One of the experts is Roger Chou, MD, a prolific researcher and longtime critic of opioid prescribing who heads OHSU’s Pacific Northwest Evidence-based Practice Center (EPC). According to the website GovTribe, over the last five years OHSU has been awarded over $2 billion in federal grants – much of it going to the EPC to support Chou’s medical research.
In addition to his research, Chou co-authored the CDC’s 2016 opioid guideline and has collaborated on several occasions with members of Physicians for Responsible Opioid Prescribing (PROP), an anti-opioid advocacy group.
In 2019, Chou co-authored an op/ed with PROP President Dr. Jane Ballantyne and PROP board member Dr. Anna Lembke that encourages doctors to consider tapering “every patient receiving long term opioid therapy.” He also served on a state task force that supported a rigid opioid tapering policy for Medicaid patients in Oregon.

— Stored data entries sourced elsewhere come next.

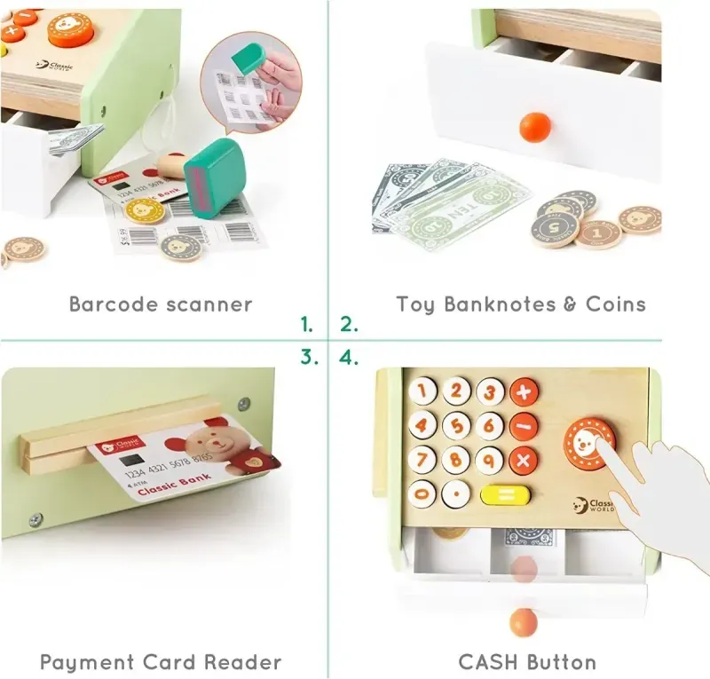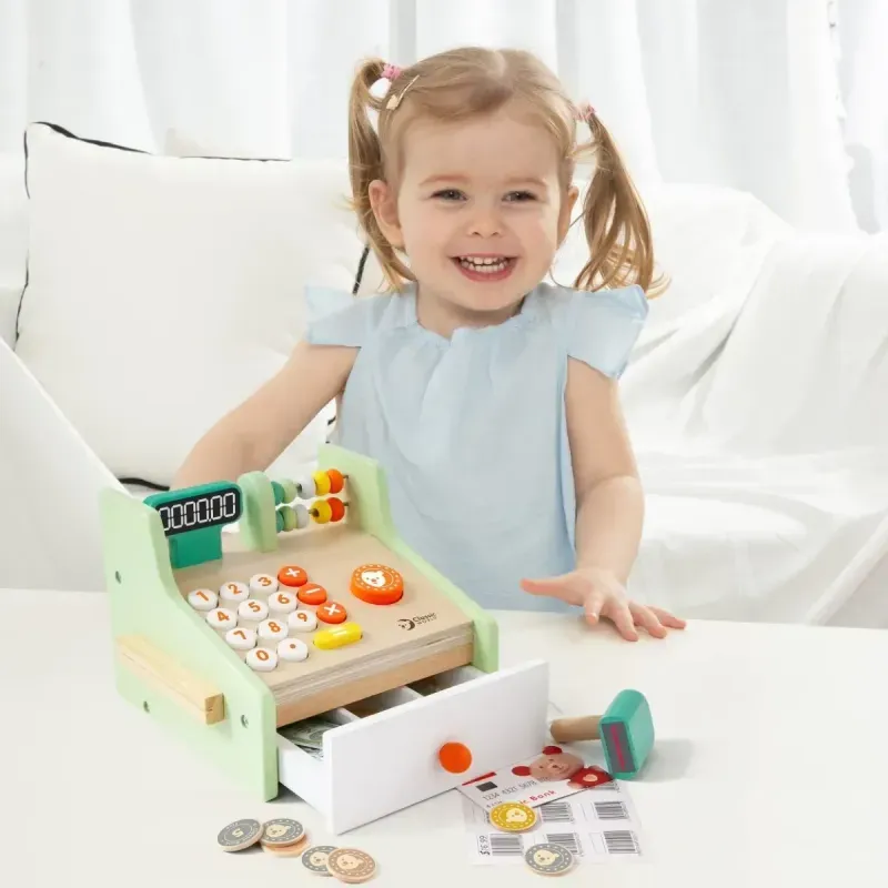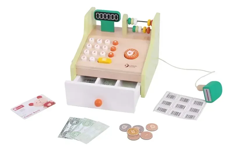¿Tarjeta o efectivo? Contar el monto total y devolver el cambio correcto será muy fácil con esta caja registradora que incluye billetes, tarjetas y monedas. Toda una fuente de diversión que les ayuda también a desarrollar sus habilidades sociales y de comunicación.
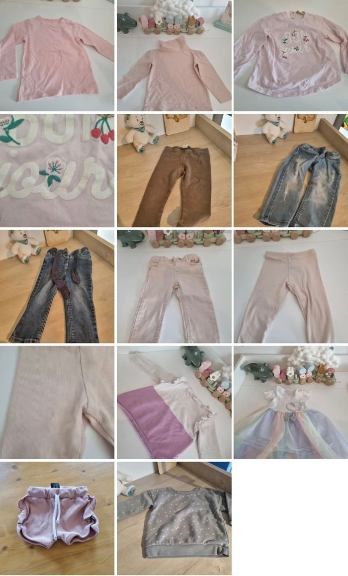 Fille 24 mois 86 cm 28 pièces : 25€ ou à la pièce [ ] 4 robes [ ] 1 pantalon [ ] 3 jeans [ ] 2 shorts [ ] 1 jupe legging [ ] 2 leggings ( + 1 legging taché offert ) [ ] 6 pulls [ ] 1 gilet [ ] 6 blouses ( + 1 tachés offerte) [ ] 1 ensemble 28 pièces 25€
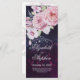 Wedding Program Rack Cards Templates - Elegant Watercolor Natural Boho Floral Feather and Handwritten Script on Purple Sparkle Bokeh Lights Background.
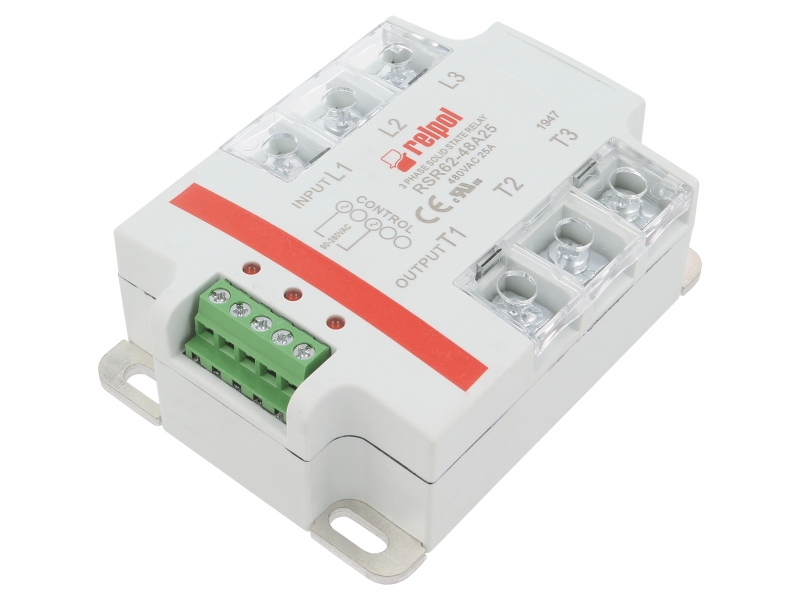 Dal punto di vista elettrico, i relè supportano tensioni fino a 280 V AC nei modelli PCB e fino a 660 V AC nelle versioni industriali, con correnti fino a 80 A e tempi di commutazione di circa 50 µs. Per applicazioni trifase, la serie RSR62 consente il controllo di carichi impegnativi come motori e forni industriali.
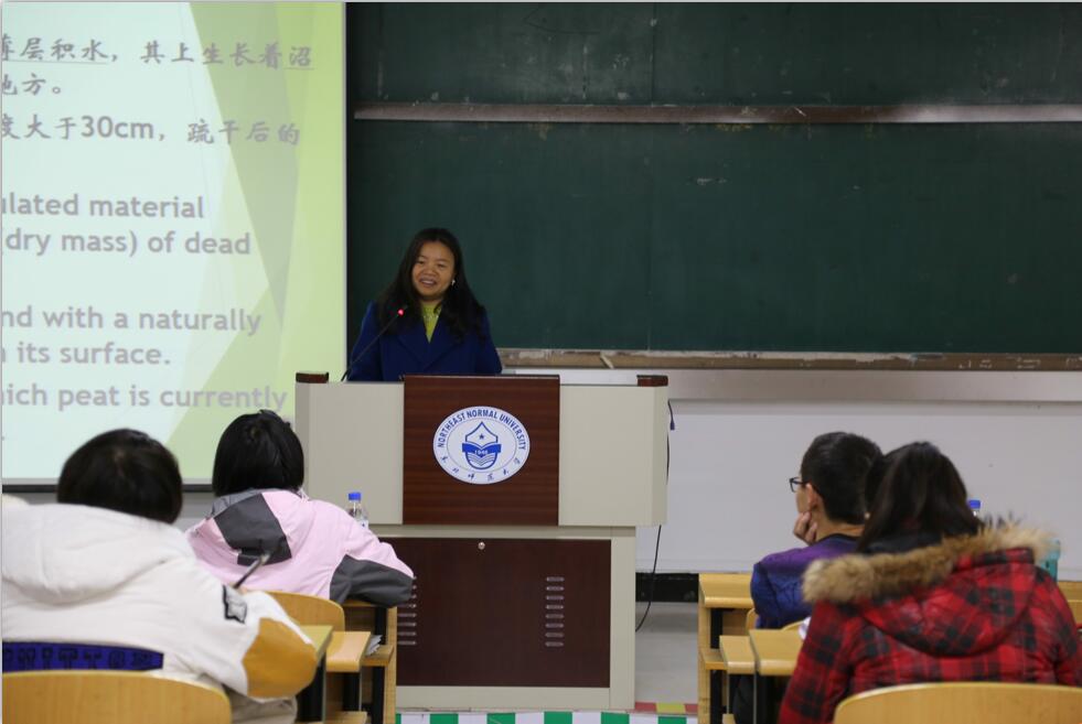 首先,王忠强老师以“水土污染与你我”为主题,从污染物的定义、污染物的产生、污染物消减路径进行了详细的介绍,让同学们深刻地认识到保护环境的重要性。王老师还分享了他的科研经历和科研成果,让同学们明白到环境治理在你我。接下来赵红艳老师以“北温带泥炭沼泽”为主题,介绍了什么是泥炭沼泽,并引出了地球上最重要的生态系统,说明了泥炭沼泽的重要性。接着赵老师又介绍了泥炭沼泽的分布,讲述了她的探究历程及研究内容,鼓励同学们多走,多看,多交流,立足脚下,放眼世界,赢得同学们的阵阵掌声。
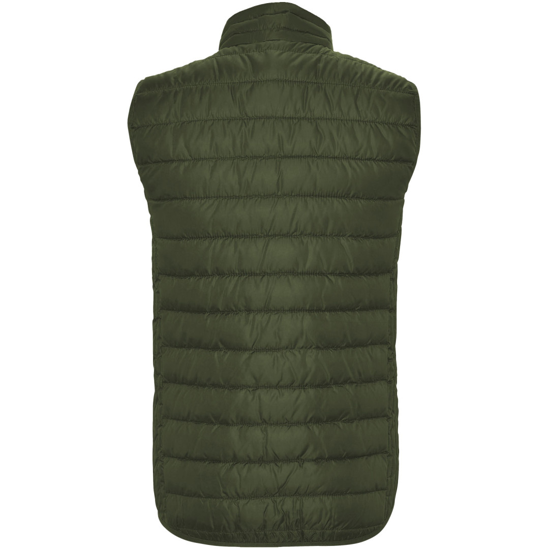 Pánska vesta s páperovým efektom. Zipsy s obráteným efektom v zodpovedajúcom odtieni. Dve predné vrecká na zips. Podšívka v kontrastnej farbe. Elastický spodný lem v zodpovedajúcom odtieni. Súčasťou je taštička na zloženie odevu. Ľahký odev s možnosťou zloženia. Dámska verzia má priliehavý strih. Nepremokavá. Odolná voči vetru. Model meria 185 cm a má na sebe veľkosť M.
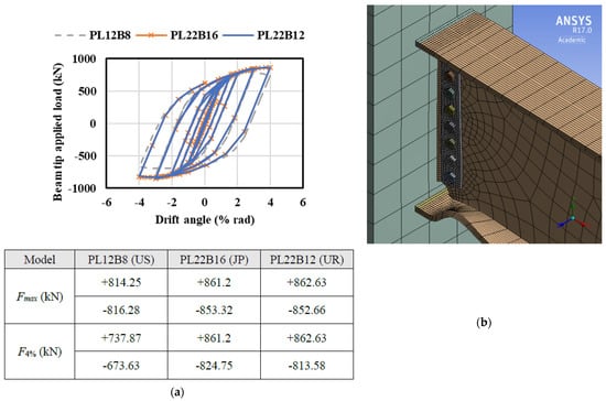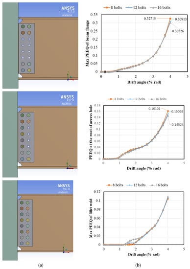 Figure 9 depicts and compares the values of PEEQ index for three different bolt arrangements and strength. There are three cases in the FEM simulation, as shown in Figure 9a. As mentioned, the UR-connection was designed in accordance with the post-earthquake design practice in Taiwan. The connection uses a total of 12 M24-S10T high-strength bolts with a 22-mm thick shear tab. This 12-bolts case took into account the bolt slip strength, eccentric moment and shear demand of the bolted web connection. The other two cases considered the shear strength of high strength bolts. In detail, the 8-bolts case considered the shear demand only, and the 16-bolts case considered both the shear and moment demands.
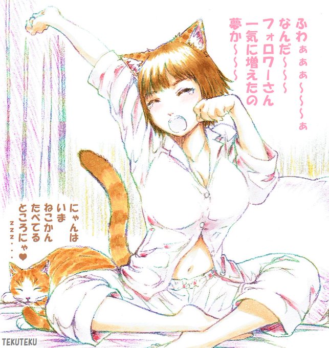 なんかの拍子で一気にささっと2,700人フォローしてくれないかな~🤭 #目指せフォロワー1万人 #今年の目標 #フォローミー #猫好き #illustration #オリジナルイラスト 🐱🎶
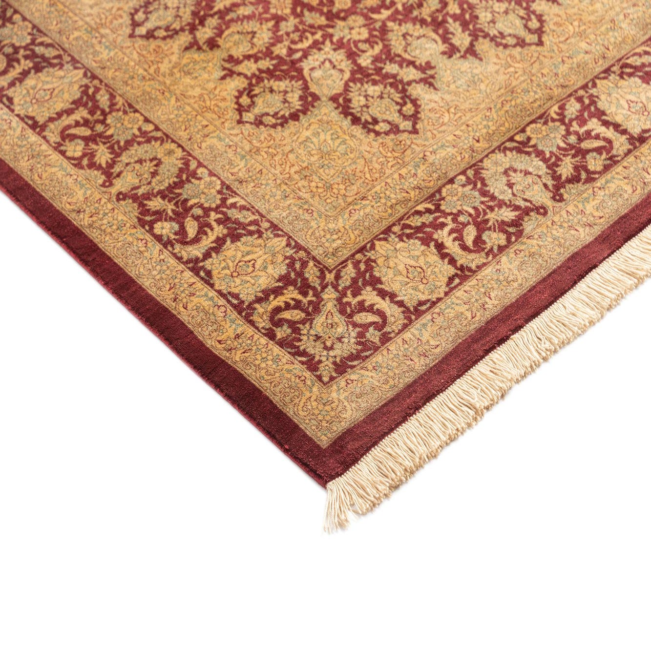 Handmade of silk, this rug presents a classic Persian medallion layout set against a rich bordeaux field. A cream and beige central medallion blooms outward into finely detailed floral arabesques, while burgundy outlines and touches of yellow and green accent the scrolling vines and palmettes. The silk pile is smooth and low, with a soft, cool hand and a subtle, luminous sheen that highlights the precise knotting and delicate pattern work.
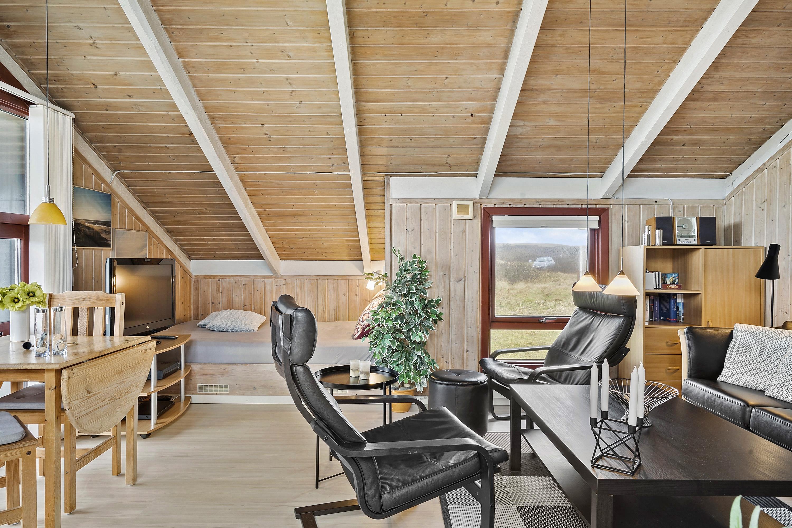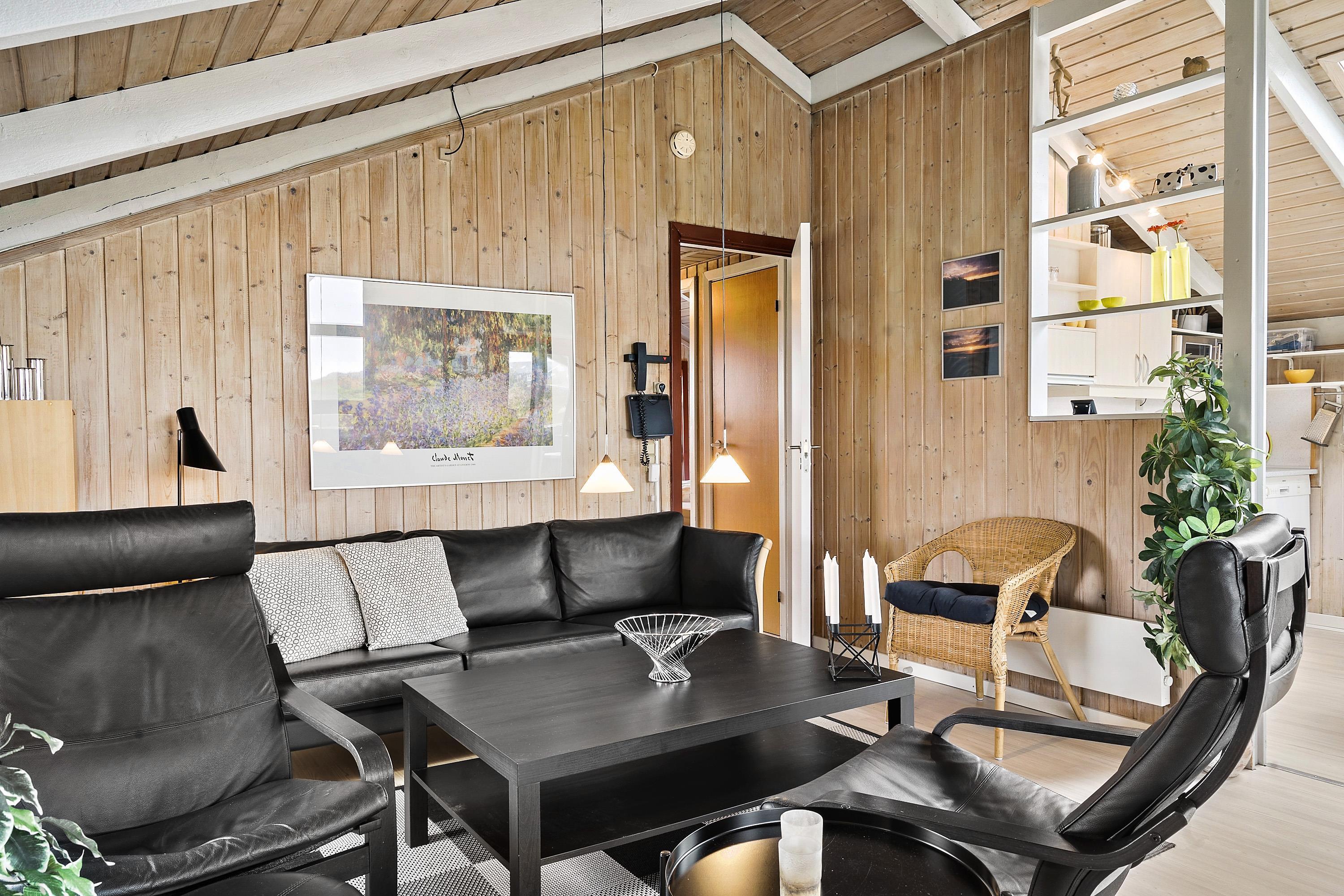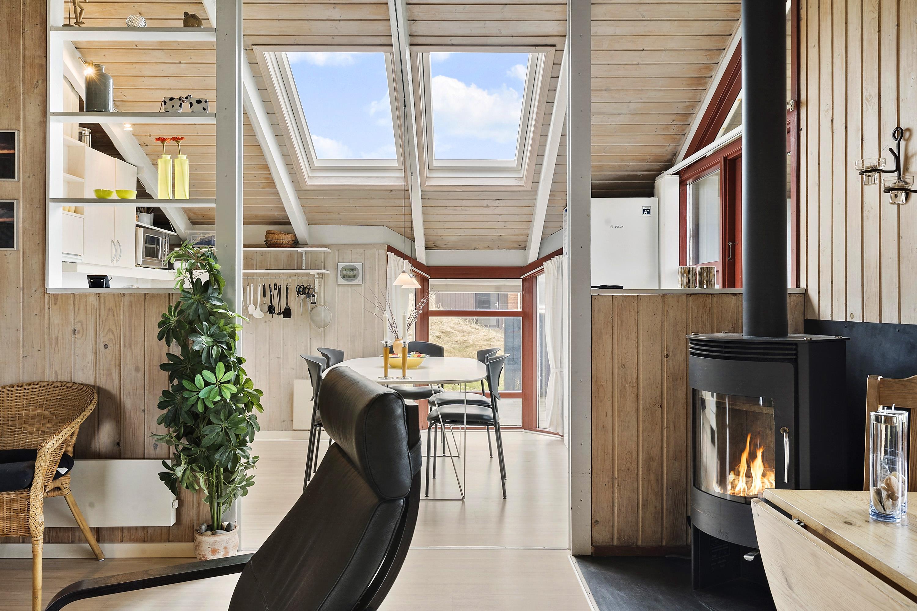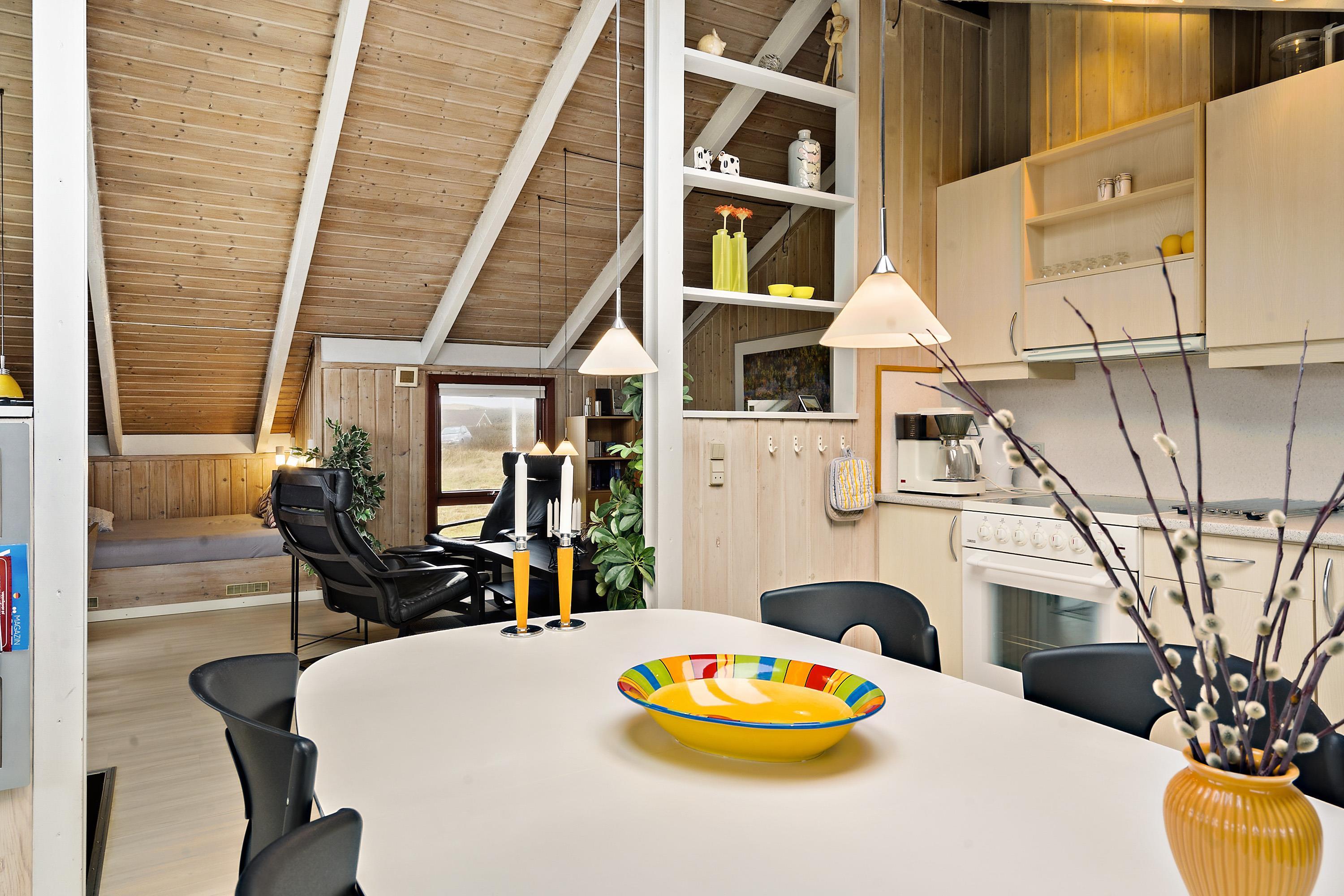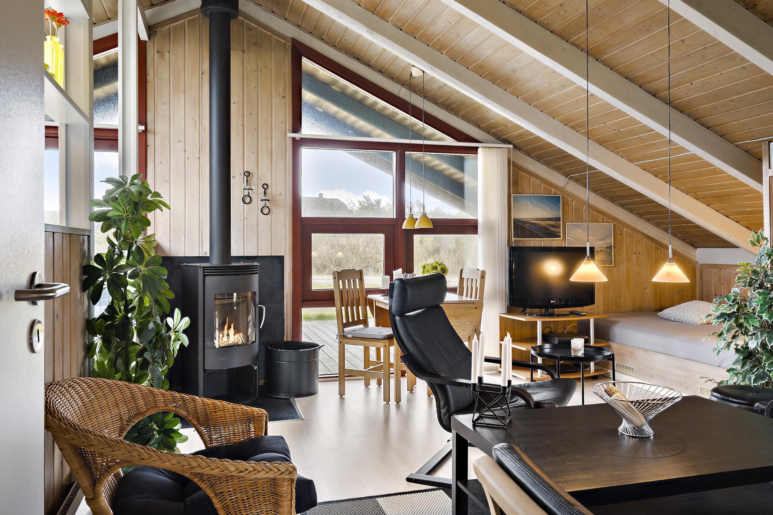 Huset er typisk indrettet med en sove- og badeafdeling og et større fællesrum. Køkken og stue er nemlig kombineret og udgør samlingsstedet i huset. Fra stuen er der store vinduespartier hvorfra man kan gå direkte ud til den vestvendte terrasse. Stuen har brændeovn, sofagruppe med sofabord, spisebord samt radio og fladskærm med DR og TV2. Herudover er der 2 sovemuligheder i stuen i et hjørne bygget ind i huset. Køkkenet har glaskeramisk komfur, køleskab, mirkobølgeovn og opvaskemaskine.

Emma considers Chou “a major player behind all of OHSU’s anti-opioid policies” and is concerned that guidelines that he helped write are being used to justify tapering.
“It’s concerning to me that they’re justifying these actions by stating that they’re ‘in alignment with the guidelines.’ So essentially, they are both creating and enforcing their own set of guidelines with no transparency and no real oversight,” she said.
Last year, the American Medical Association called for a major overhaul of the CDC guideline, saying it was clear the agency’s recommendations “harmed many patients” by setting arbitrary limits on opioids.
The CDC is currently in the process of revising and possibly expanding the guideline, with the goal of releasing a new version next year. One of the authors drafting the revised guideline is Roger Chou.